In Harrington v. Victoria, etc., Dock Co. (1878), 3 Q. B. D. 549, a railroad company contemplating certain repairs employed the plaintiff as an engineer to advise it in respect thereto. The defendants, having submitted a bid for doing the work, agreed to employ the plaintiff on a five per cent commission to superintend the repairs, if he would use his influence with the railroad company to induce it to accept the defendants’ bid. The jury found that the con*556tract, though calculated to bias, the plaintiff’s mind, had not in fact done so, and that he had not in consequence thereof given less beneficial advice to the company as to the defendants’ bid than he otherwise would have done. Cock-burn, C. J., assuming that the agreement did not influence the mind of the plaintiff, so as to induce him to do anything dishonest towards his employer, entertained “no doubt but the agreement is a corrupt one and is not enforceable at law, whatever, the actual effect produced on the mind.” See, also, Edwards v.
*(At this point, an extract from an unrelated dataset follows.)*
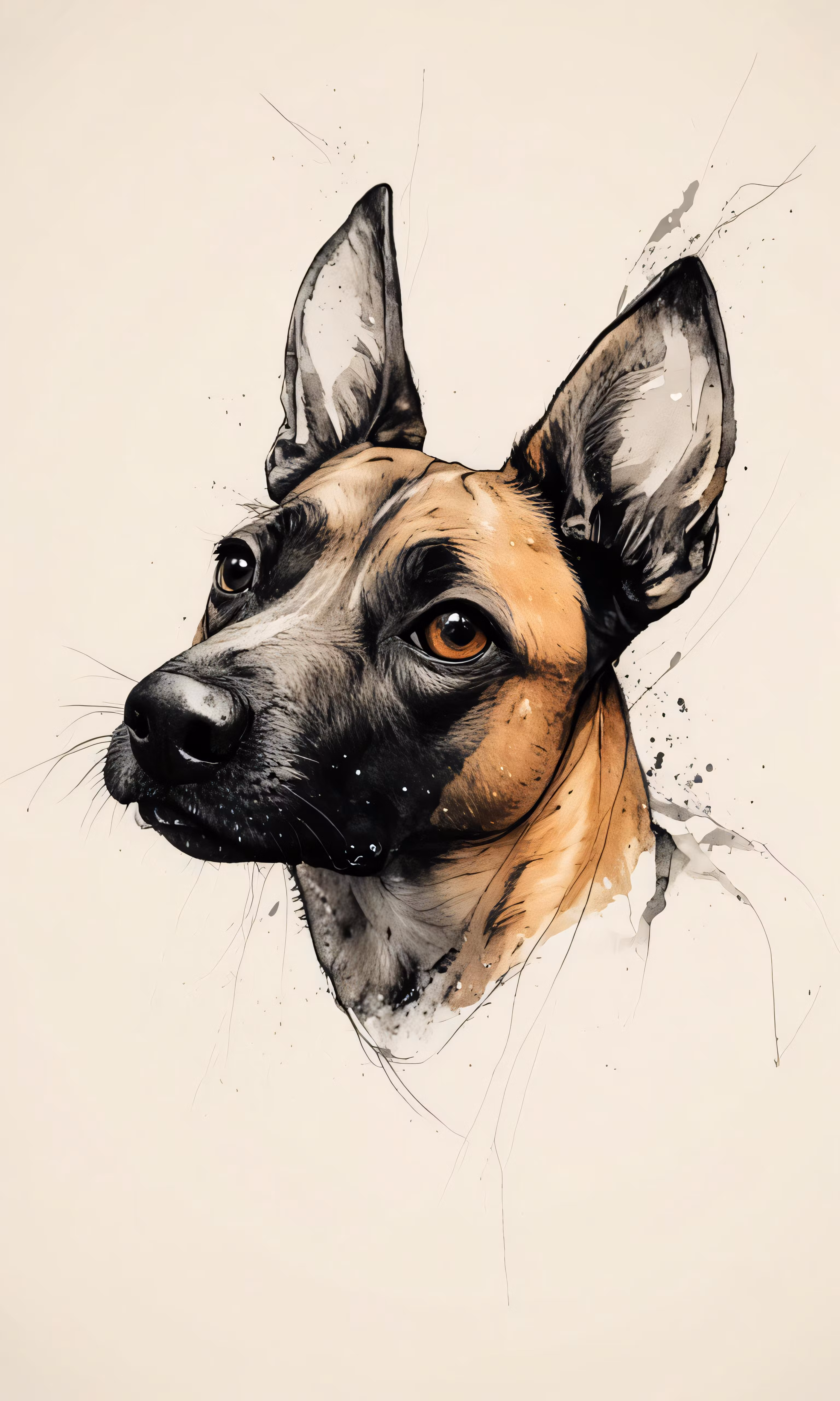 High resolution picture, free to use, a brown and black dog looking straight ahead

Estell (1814), 48 Cal. 194; City of Toronto v. Bowes (1854), 4 Grant’s Ch. 489.
So, in this case, no fact is disclosed by the record to indicate that appellee was negligent or inefficient in protecting the interests of the taxpayers, but, as we have seen, the rule admits of no exception. From these considerations we conclude that appellee, while acting in a trust capacity on behalf of the taxpayers of his township, and at their expense, in safeguarding their interests in the construction of road Ro. 2, was not in a position to accept employment from the contractors to work for them in making the road. The law forbids the inconsistent position of pretending to serve both the people and the contractors at the same time. The contract sued on being illegal, the courts can afford no relief, and the court erred in refusing to give to the jury instruction one, requested by appellants.
6. Appellee claims that the illegal nature of the contract was not provable under the issues, viz., the general denial and payment. We think otherwise. In the first place, under the general denial it was encumbent upon the plaintiff to establish a contract upon which he had the right to recover. In endeavoring to do this he disclosed the infirmities of his contract. In the second place, any fact which goes to destroy, not to avoid, the plaintiff’s cause of action is provable under the general denial. And facts independent of those averred in the complaint, of a nature affirmative, but which have a negative *557effect upon the issues, are also admissible. Jeffersonville Water Supply Co. v. Riter (1897), 146 Ind. 521; Hess v. Union State Bank (1901), 156 Ind. 523; Gwinnup v. Shies (1903), 161 Ind. 500.
For error of the court in refusing to give instruction one, requested by appellants, the judgment must be reversed. Judgment reversed, and cause remanded, with instructions to grant appellants a new trial.